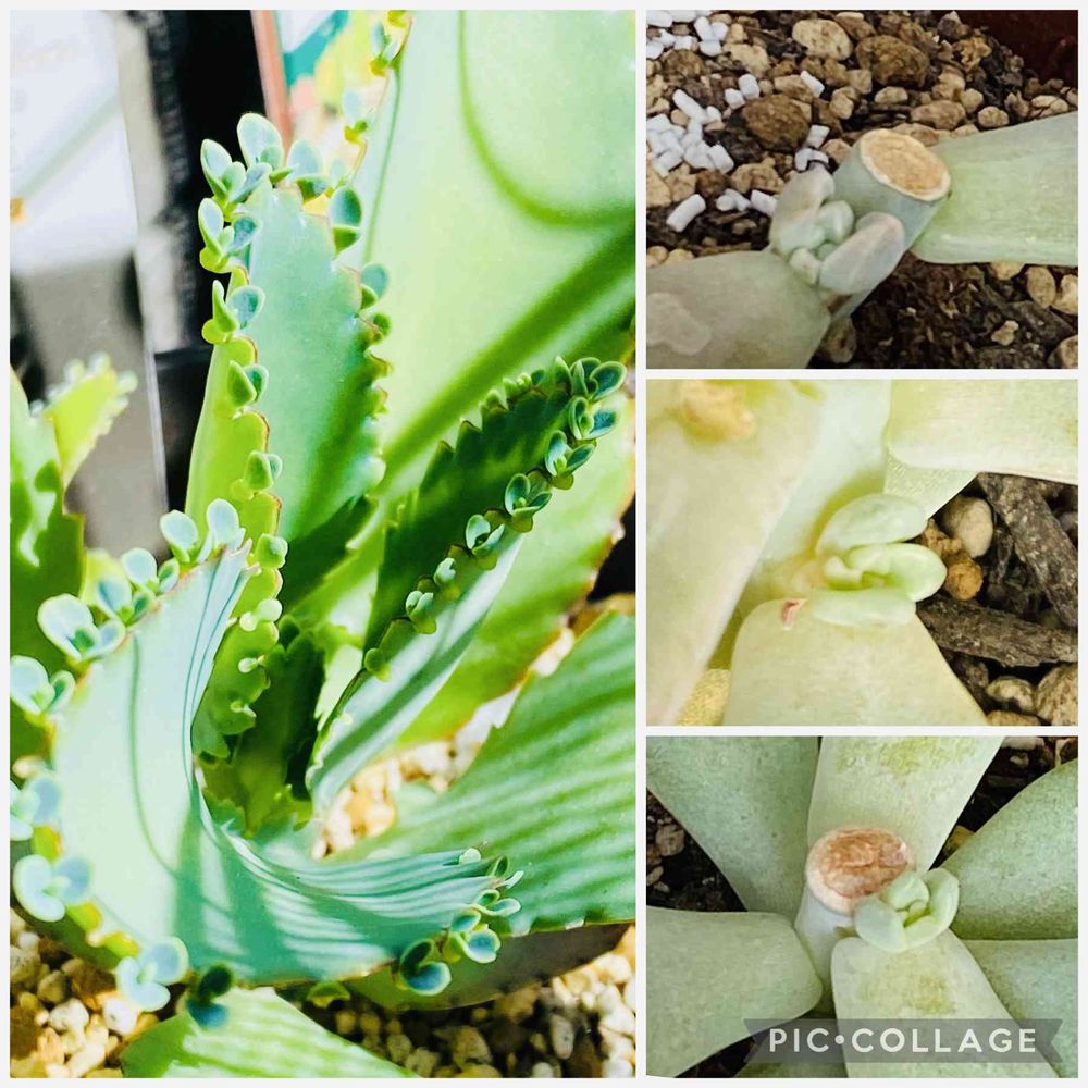 6月上旬にHCでお迎えして徒長していたのですぐ胴切りした多肉ちゃんたちから芽が出てきてウキウキです🥰こっからどーなるんでしょう?😅
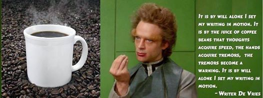 I'm a big fan of coffee from way back, long before I started writing books. I drink a fair amount of coffee every day while I'm writing, and believe it's a useful part of my process.
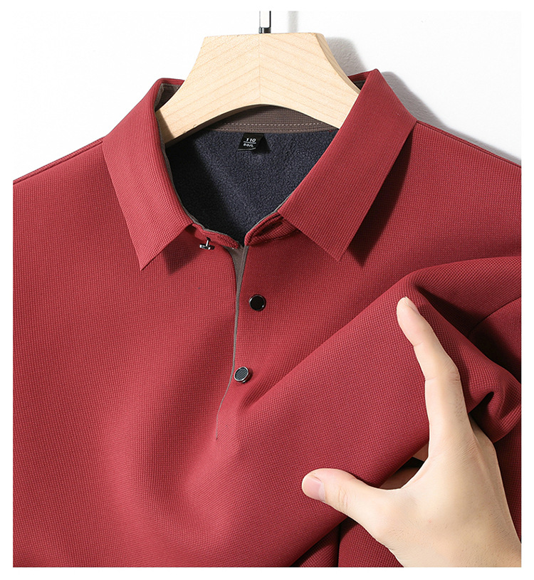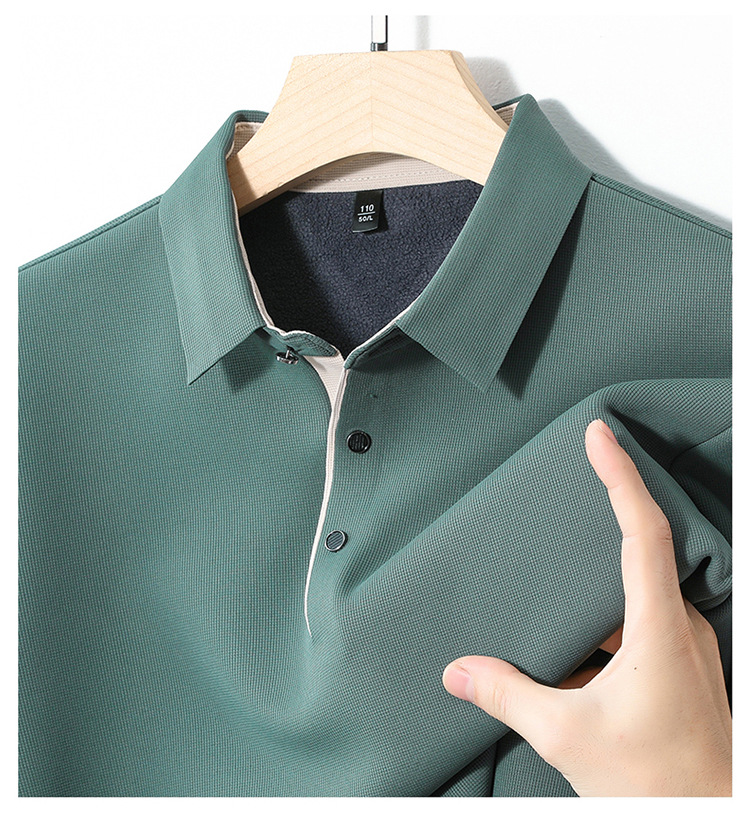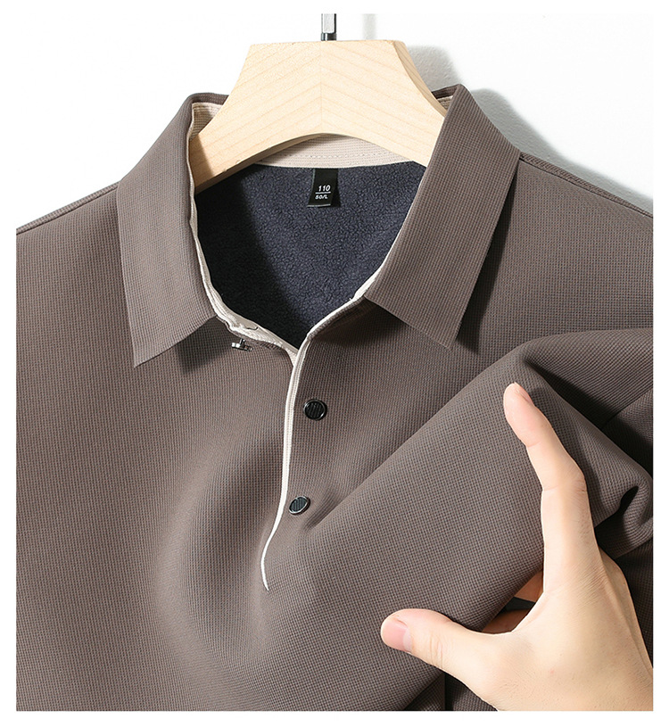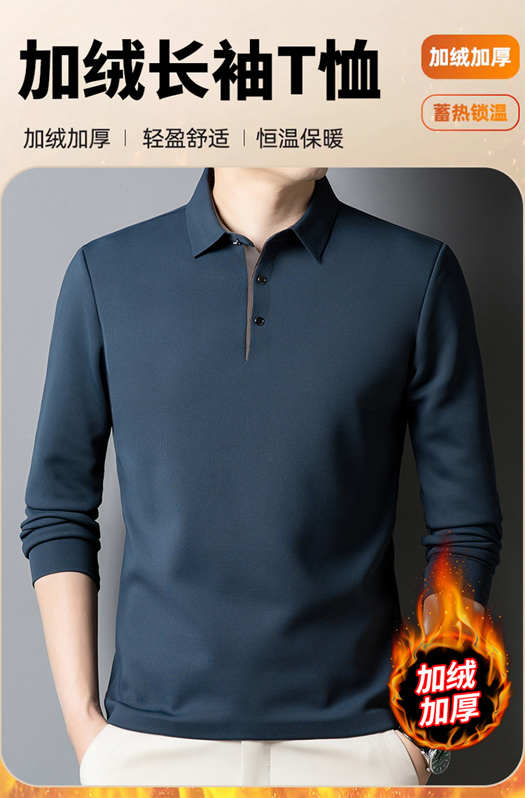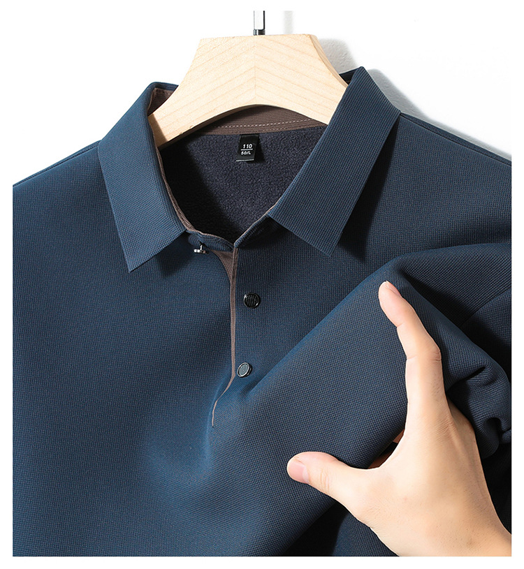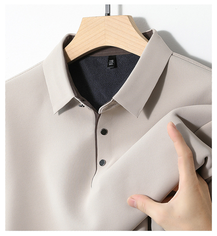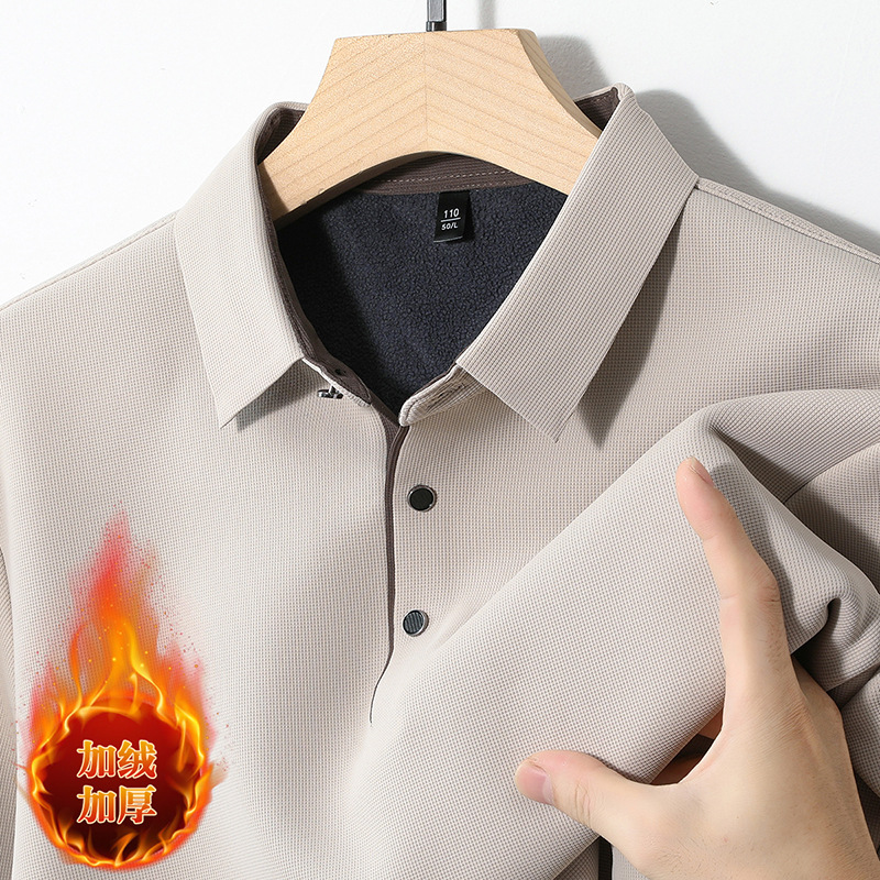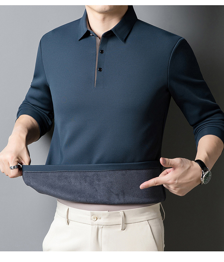 기모 두꺼운 원활한 폴로 셔츠 남자의 겨울 새로운 사업 캐주얼 콘트라스트 랩 따뜻한 긴 소매베이스 셔츠

===============

TASK DIRECTIONS
Give the data again exactly as written, with no pictures included.

RESULT
 6月上旬にHCでお迎えして徒長していたのですぐ胴切りした多肉ちゃんたちから芽が出てきてウキウキです🥰こっからどーなるんでしょう?😅
 I'm a big fan of coffee from way back, long before I started writing books. I drink a fair amount of coffee every day while I'm writing, and believe it's a useful part of my process.
 기모 두꺼운 원활한 폴로 셔츠 남자의 겨울 새로운 사업 캐주얼 콘트라스트 랩 따뜻한 긴 소매베이스 셔츠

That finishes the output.